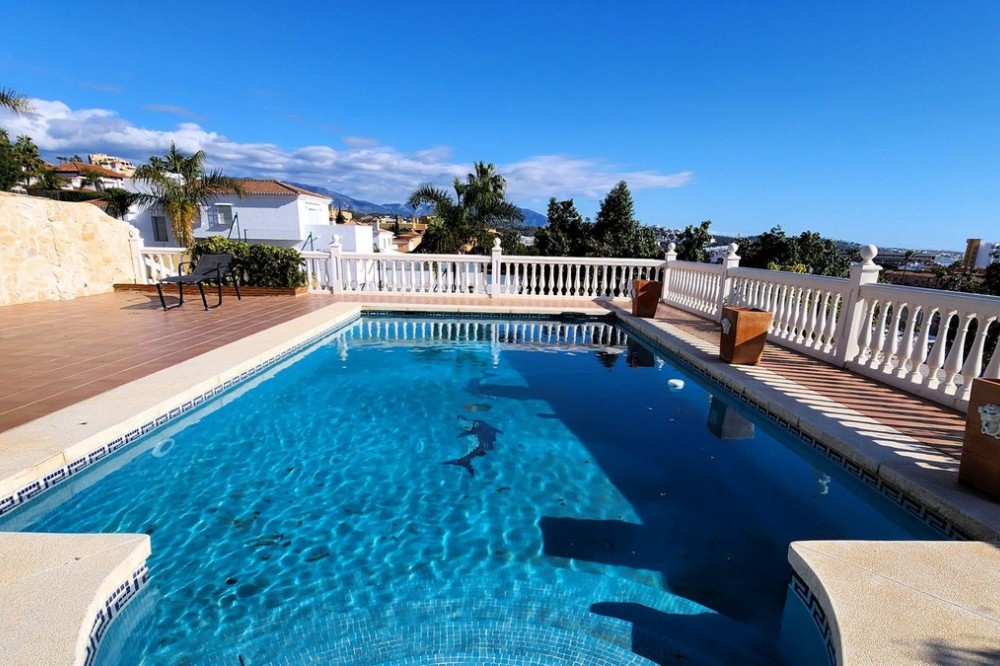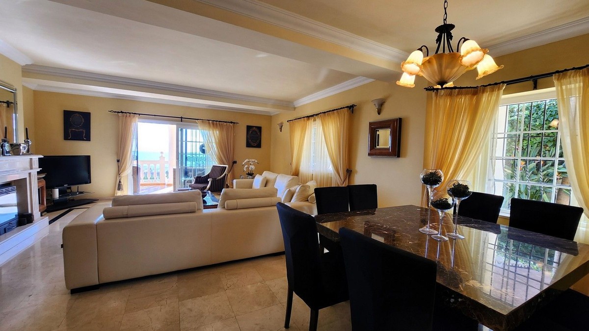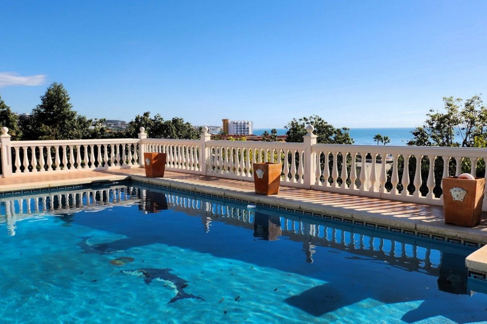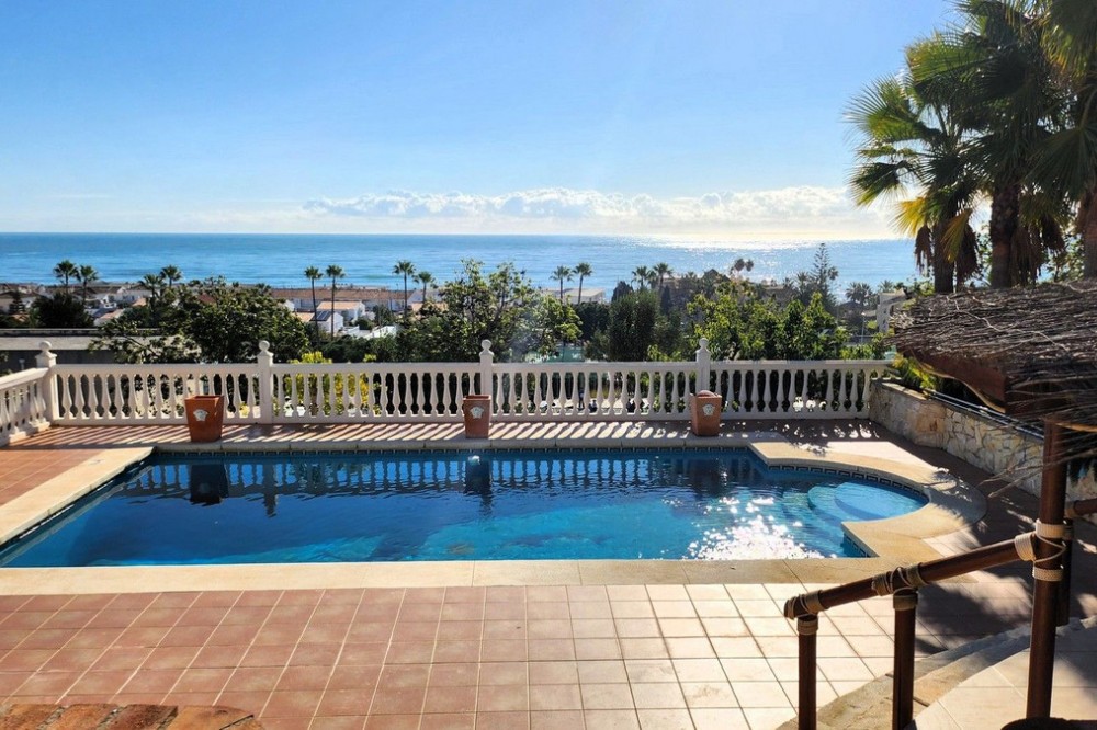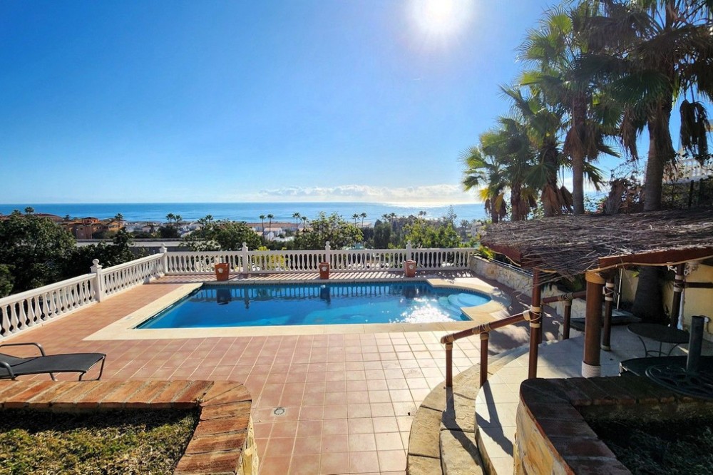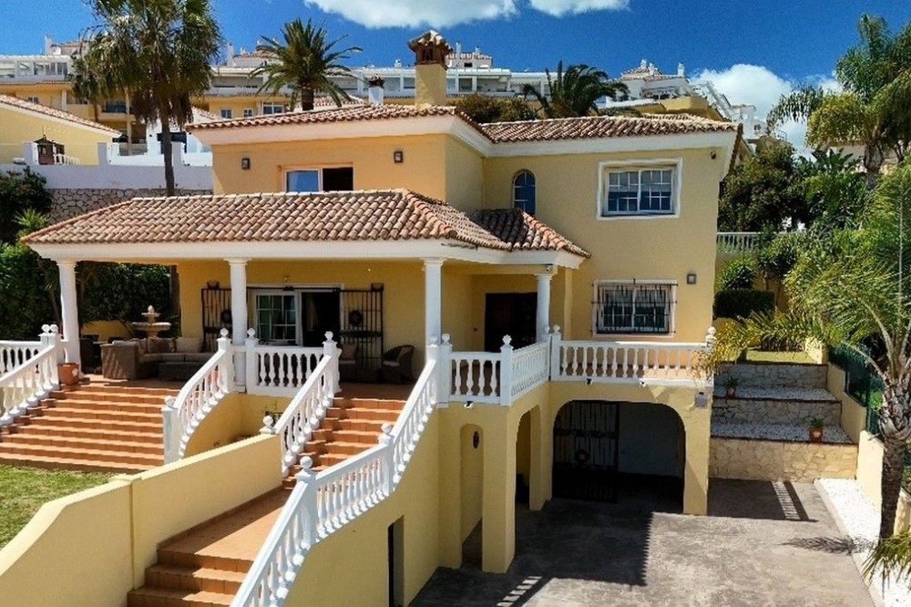 - Experience panoramic sea views that will take your breath away! This stunning villa is just a short stroll to all the vibrant amenities and the pristine beach, offering some of the most breathtaking coastal vistas you've ever seen. Nestled in the coveted Jardin Botanico, just minutes from the heart of La Cala de Mijas, this property is a true gem. Set on a generous double plot, it provides ample space to truly live your dream. With five exquisite bedrooms, each boasting its own en suite, and a stylish guest toilet, comfort and elegance are at the forefront. The vast basement features a massive double bedroom, a lively games room, and a convenient shower room—a perfect retreat for family and friends. Up on the first floor, you'll find another charming bedroom, a stunning lounge graced by a colossal fireplace, and those extraordinary sea views that will forever inspire you. The sleek kitchen with access to the backyard makes everyday living a pleasure. Ascend the grand staircase to discover three additional en suite bedrooms, including the master retreat with its own private terrace—an oasis of peace and luxury. If you’re seeking a remarkable investment or a place to call home that stirs your soul, this property is calling out to you. Don’t miss the chance to make this enchanting haven yours!
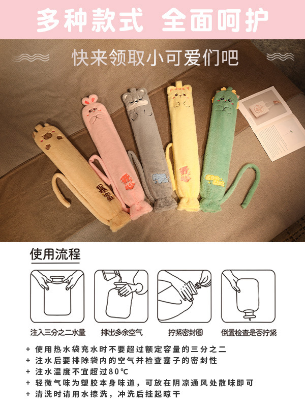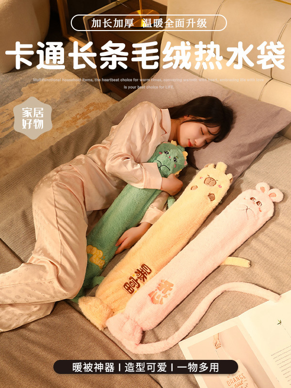 可爱卡通热水袋冬天暖手冬季抱枕长条枕女生睡觉夹腿卧室孕妇可用
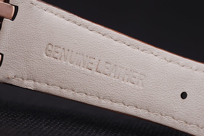 Rannekoru: Brown krokotiili nahkaranneke valkoinen juova tikkaukset & lämpö kohokuvioitu Audemars Piguet nimi & logo sekä Audemars Piguet kaiverrettu ruusu-kullattu flip-over koukku Lukko

EXERCISE BRIEF = An unchanged copy of the data, images excluded, is all that should be given.

ANSWER SPACE =
 - Experience panoramic sea views that will take your breath away! This stunning villa is just a short stroll to all the vibrant amenities and the pristine beach, offering some of the most breathtaking coastal vistas you've ever seen. Nestled in the coveted Jardin Botanico, just minutes from the heart of La Cala de Mijas, this property is a true gem. Set on a generous double plot, it provides ample space to truly live your dream. With five exquisite bedrooms, each boasting its own en suite, and a stylish guest toilet, comfort and elegance are at the forefront. The vast basement features a massive double bedroom, a lively games room, and a convenient shower room—a perfect retreat for family and friends. Up on the first floor, you'll find another charming bedroom, a stunning lounge graced by a colossal fireplace, and those extraordinary sea views that will forever inspire you. The sleek kitchen with access to the backyard makes everyday living a pleasure. Ascend the grand staircase to discover three additional en suite bedrooms, including the master retreat with its own private terrace—an oasis of peace and luxury. If you’re seeking a remarkable investment or a place to call home that stirs your soul, this property is calling out to you. Don’t miss the chance to make this enchanting haven yours!
 可爱卡通热水袋冬天暖手冬季抱枕长条枕女生睡觉夹腿卧室孕妇可用
 Rannekoru: Brown krokotiili nahkaranneke valkoinen juova tikkaukset & lämpö kohokuvioitu Audemars Piguet nimi & logo sekä Audemars Piguet kaiverrettu ruusu-kullattu flip-over koukku Lukko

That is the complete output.